Вот поэтому и плакала, взывала к мести гитара в руках Попова. Вот поэтому и были хмуры, сосредоточены военморы, хотя Кама ласкалась к кораблям, хотя и манили к себе леса, хотя и серебрилась паутина, как праздничная канитель.
Все понимали, что бои на Каме будут длительными, упорными: Кама — живая дорога, по которой идут в центральные районы России хлеб, железо, каменный уголь. Владеть Камой — быть хозяином.
На Каме стоит много городов. Главный из них — Пермь. А Пермь — это железо со всех уральских заводов; Пермь — надежнейшие отряды рабочих, готовых умереть за Советскую власть. Через нее лежит путь к житницам Сибири.
Идет по Каме Волжско-Камский отряд. Впереди — быстроходные катера-истребители. Они разведчики. За ними степенно утюжат воду канонерские лодки и те самые миноносцы, которые пришли сюда по приказу Владимира Ильича Ленина. Миноносцы— узкие, длинные. Они словно разрезают реку: вода непрерывно разваливается у их штевней двумя пенными пластами. Создается впечатление: дай волю — миноносцы мгновенно рванутся вперед и сразу оставят далеко за кормой неуклюжие канонерские лодки. Так оно и есть. Быстроходны миноносцы. Мощнее на них вооружение. И даже настоящая броня есть. Они — главная сила
Волжско-Камского отряда. Вот поэтому на одном из них все время и находится командующий.
Но миноносцы идут концевыми: мелковата Кама для настоящих морских кораблей, да и на засаду можно натолкнуться в любой момент. А что значит потерять такой корабль?..
Пришлось вперед послать речные суда, которые и путь отыскивали бы и врага выслеживали. Для выполнения такой задачи нет корабля лучше «Вани Коммуниста». На нем идет и Маркин.
— Правый борт! Лодка на пересечку курса! — докладывает сигнальщик.
— Малый ход! — приказывает командир «Вани Коммуниста».
Опадает крутой вал зеленоватой воды у носа корабля.
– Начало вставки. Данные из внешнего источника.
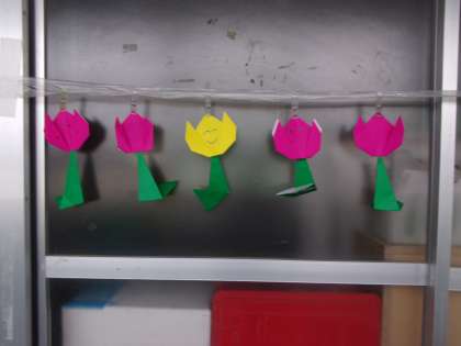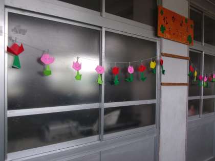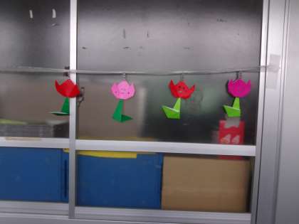 なかよしタイムでは,4月の教室前掲示を制作しました。春の花「チューリップ」を飾り,教室前が華やかになりました。

Сигнала боевой тревоги не было, но военморы выбегают на палубу: это первая лодка с живым человеком, которую увидели здесь, на Каме.
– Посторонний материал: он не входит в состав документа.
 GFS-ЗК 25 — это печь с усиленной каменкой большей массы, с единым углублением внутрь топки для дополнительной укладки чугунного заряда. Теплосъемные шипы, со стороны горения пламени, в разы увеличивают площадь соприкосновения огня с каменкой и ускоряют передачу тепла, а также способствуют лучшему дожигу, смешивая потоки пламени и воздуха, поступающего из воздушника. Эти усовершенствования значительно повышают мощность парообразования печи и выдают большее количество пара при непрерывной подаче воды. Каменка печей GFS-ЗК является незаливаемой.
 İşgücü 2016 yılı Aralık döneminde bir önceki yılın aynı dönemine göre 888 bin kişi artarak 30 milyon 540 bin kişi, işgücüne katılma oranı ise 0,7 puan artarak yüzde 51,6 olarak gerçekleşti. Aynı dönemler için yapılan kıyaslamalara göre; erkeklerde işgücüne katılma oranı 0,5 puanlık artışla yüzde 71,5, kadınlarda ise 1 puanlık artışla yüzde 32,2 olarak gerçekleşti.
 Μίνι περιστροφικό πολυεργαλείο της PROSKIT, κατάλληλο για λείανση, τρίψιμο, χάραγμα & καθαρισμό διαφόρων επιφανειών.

Прочно привязав лодку, ее хозяин не торопится лезть на борт парохода. Он проверяет: хорошо ли затянут морской узел, тычет пальцем в широких лещей на дне лодки, а сам внимательно ощупывает глазами моряков, толпящихся у борта. Взгляд его почти не задерживается на Маркине, но зато будто впивается в представительного Мишу Хлюпика.
— Мне бы начальника главного, — наконец, говорит рыбак и стягивает с взлохмаченной головы потрепанный картуз, порыжевший от воды и солнца.
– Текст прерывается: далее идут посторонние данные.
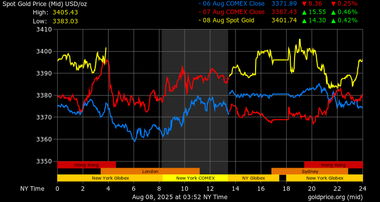 Selon les données du marché des contrats à terme Comex, le prix de l’or a atteint un record historique à 3 534,10 USD l’once le 8 août 2025, après qu’un courrier de l’U.S. Customs and Border Protection du 31 juillet a ainsi reclassé les lingots d’or de 1 kg dans une catégorie soumise à un tarif de 39 %, déclenchant une flambée des prix.
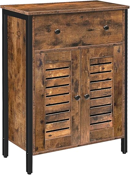 Hoobro Armario Aparador Armario De Almacenamiento De Estilo Industrial Armario Vertical Con Cajon Y Estante Ajustable Aparador Con Puertas De Lamas Dobles Para Dormitorios Pasillos Ebf25cw01 Amazon Es Hogar

— У нас,, папаша, здесь все начальники. Выкладывай, как перед попом, — снисходительно разрешает Миша.
— Дело, конечно, ваше... Только не каждому попу .все высказать осмелишься... Мне бы наиглавнейшего...
— Я —комиссар флотилии, — говорит Маркин.
Хитрые мужицкие глаза шарят по его лицу, одежде.
— Дело, конечно, ваше... А не врешь?
— Не я ли говорил тебе, Николай Григорьевич, чтобы ты оделся по всей форме? И главное — побольше побрякушек! Начальство на них беда аппетитное! — под общий хохот высказался Ефим.
Рыбак еще раз вскидывает на Маркина пытливые глаза, сгоняет со своего лица глуповато-виноватую улыбку и говорит неожиданно просто:
— Мины впереди стоят. Уходя, белые поставили.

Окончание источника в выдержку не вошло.